Abstract
When a strong magnetic field diffuses into a metal, the metal is ablated by Joule heating accompanying the magnetic diffusion process, and the metal’s resistance changes violently with the fast-growing temperature. This results in the formation of a so-called “nonlinear diffusion wave” characterized by a sharp “wave-front” where the magnetic field abruptly decays. A metal has its own threshold magnetic field value, which is determined by the critical temperature of the metal. If the constant vacuum magnetic field B0 is above the threshold value Bc, the magnetic diffusion process can be approximately described by sharp-front diffusion wave theory [B. Xiao et al., Physics of Plasmas 23, 082104 (2016)], which gives a simple formula to describe the velocity of the diffusion process. However, if B0 is below Bc, the sharp-front diffusion wave theory is no longer applicable. In this situation, one would need another type of sharp-front diffusion wave theory (type II theory) to describe the magnetic diffusion behaviors. In type II theory, the sharp-front diffusion wave velocity depends on three parameters, i.e., the magnetic boundary condition B0, the critical temperature Tc, and the cold metal resistance ηs. The dependence of the velocity on these three parameters is analyzed in detail in this paper.
Highlights
The diffusion of a strong magnetic field in metals is one of the key factors that affect the results of magnetic-driven experiments
A simplified resistivity model is used to study the nonlinear magnetic diffusion wave when the vacuum boundary magnetic field B0 is below the threshold magnetic field value Bc
The velocity Vc depends on three parameters, i.e., the boundary magnetic field B0, the critical temperature Tc, and the cold metal resistance ηs, of which the dependence on B0 and Tc can be simplified to the dependence on the dimensionless parameter γc = B20/(2μ0Jc)
Summary
The diffusion of a strong magnetic field in metals is one of the key factors that affect the results of magnetic-driven experiments (such as magnetic-driven flyer and magnetic flux cumulation). The Joule heat raises the metal’s temperature and the resistivity of metal increases, which in turn accelerates magnetic diffusion and the Joule heat production rate This forms a positive feedback of magnetic field diffusion.

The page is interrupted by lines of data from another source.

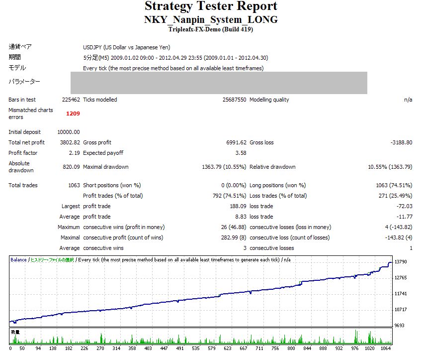 2009年1月1日 ~ 2012年4月30日 バックテスト
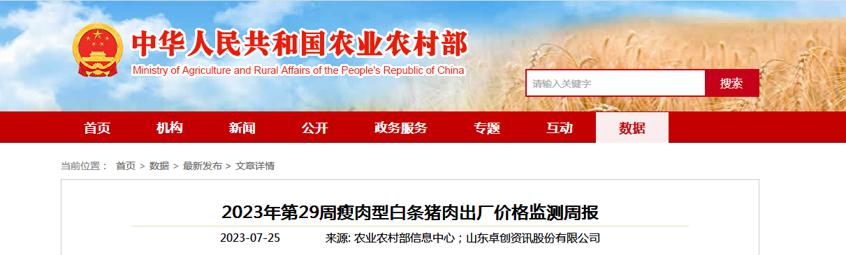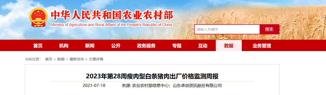 據(jù)農(nóng)業(yè)農(nóng)村部信息中心和山東卓創(chuàng)資訊股份有限公司聯(lián)合監(jiān)測,2023年第29周(即2023年7月17日-7月21日,以下簡稱本周),16省(直轄市)瘦肉型白條豬肉出廠價格總指數(shù)的周平均值為每公斤18....
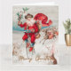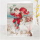 Papá Noel en una bicicleta penny farthing con renos Tarjeta de vacaciones
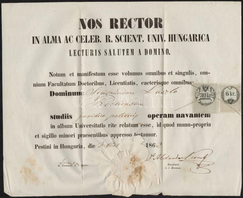 Leírás: 1862 Pesti jogi kari bizonyítvány 30+6kr illetékbélyeggel
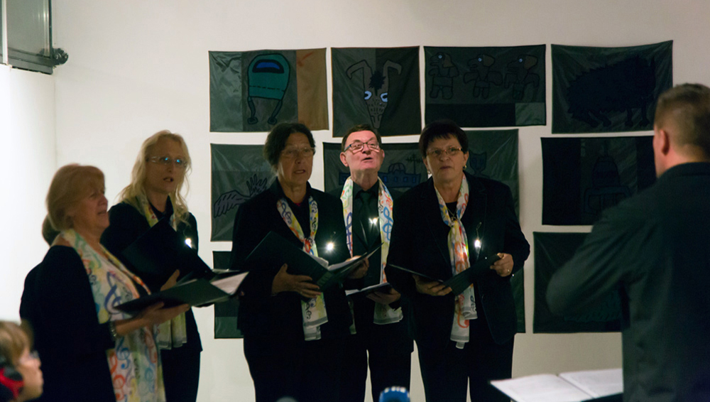 For the Pavelhaus Choir, and together with choirmaster Matija Horvat, I wrote the musical score titled UniversOm. The singers performed UniversOm at the opening of Psst... there is still space in outer space! exhibition in Pavelhaus on October 22, 2016.
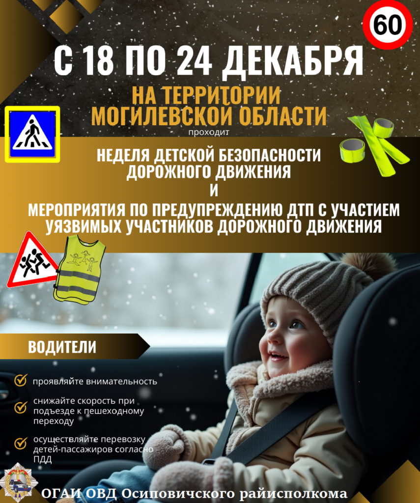 C 18 по 24 декабря на территории Могилевской области проходит Неделя детской безопасности дорожного движения, а также мероприятия по предупреждению ДТП с участием пешеходов и велосипедистов.
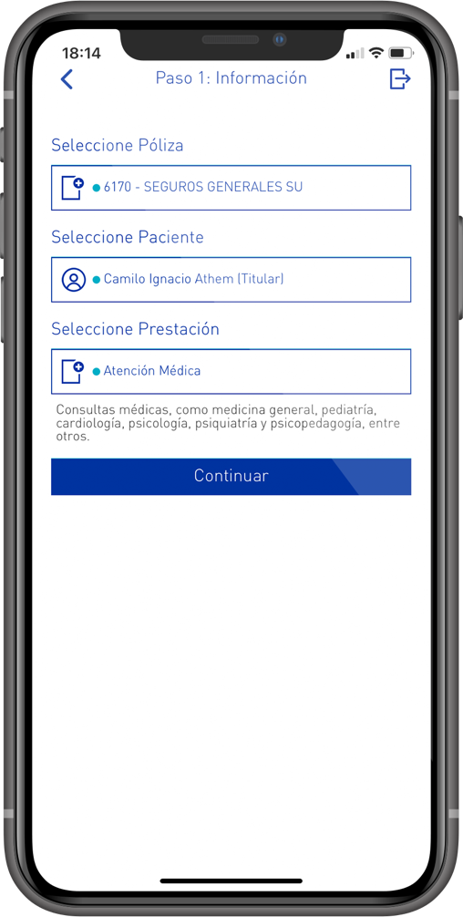 En el primer paso debes seleccionar la póliza, el nombre del paciente y la prestación. Luego ingresa el monto solicitado y presiona el botón Continuar.
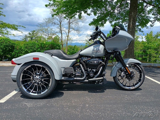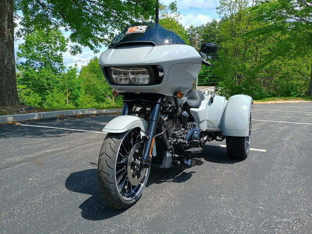 2025 Harley-Davidson® Road Glide® 3Features may include:DESIGNThe iconic Road Glide, known for its classic Sharknose bagger design, blends tradition with modern comfort and connectivity, featuring advanced engineering and a suite of intuitive technologies.FairingFeaturing the iconic Sharknose fairing, Dual Daymaker® LED headlamps, full infotainment system with internal speakers, and triple splitstream vents for enhanced comfort at highway speeds.WheelsWith 19-inch front wheel and 18-inch rear wheels, the Road Glide 3 has a powerful and commanding stance with ample ground clearance, and the comfort of a low, 26.5-inch seat height.Comfort SeatLong-mile comfort for rider and passenger alike, with soft-touch grab handles for an added level of passenger security.Rear FendersFlared bobtail rear fenders over 18-inch wheels add even more attitude to the Road Glide 3’s already powerful presenceStorageThe weatherproof and locking trunk has two cubic feet of storage and a top-mounted door for easy loading and unloading.Premium PaintA wide variety of premium paint options let you match your style and personality, including an all-new Factory Custom Whiskey Firestorm paint scheme, with brilliant and bright contrasting flames.PERFORMANCEMilwaukee-Eight® 114 EngineThe iconic thump and incredible torque of Milwaukee-Eight® 114 V-twin power, tuned for trike performance and delivered to two 18-inch rear wheels for impressive acceleration power.Rear SuspensionQuickly tune rear suspension for added payload with single-knob preload adjustment to ensure comfortable and composed performanceSlash-Down Dual MufflersDual mufflers with slash-down tips between the rear wheels deliver a classic hot rod style.INNOVATION6.5-Inch Touchscreen DisplayEasy-to-use touchscreen infotainment system helps you quickly choose music, tune Rider Safety Enhancements, and more.AudioBold, clear audio whether you’re cruising around town or blasting down the highway, easily managed through intuitive hand controls and the touchscreen display.

While the massive Joule heating generated in the magnetized region accelerates the magnetic field diffusion, the high conductivity in the relatively unmagnetized region hinders it This results in the formation of a “nonlinear diffusion wave” characterized by a sharp wave-front where the magnetic field abruptly decays. Garanin pointed out that the magnetic field needs to be above a threshold value in order for the surface of the metal to be burned fast into plasmas This was verified many years later in experiments..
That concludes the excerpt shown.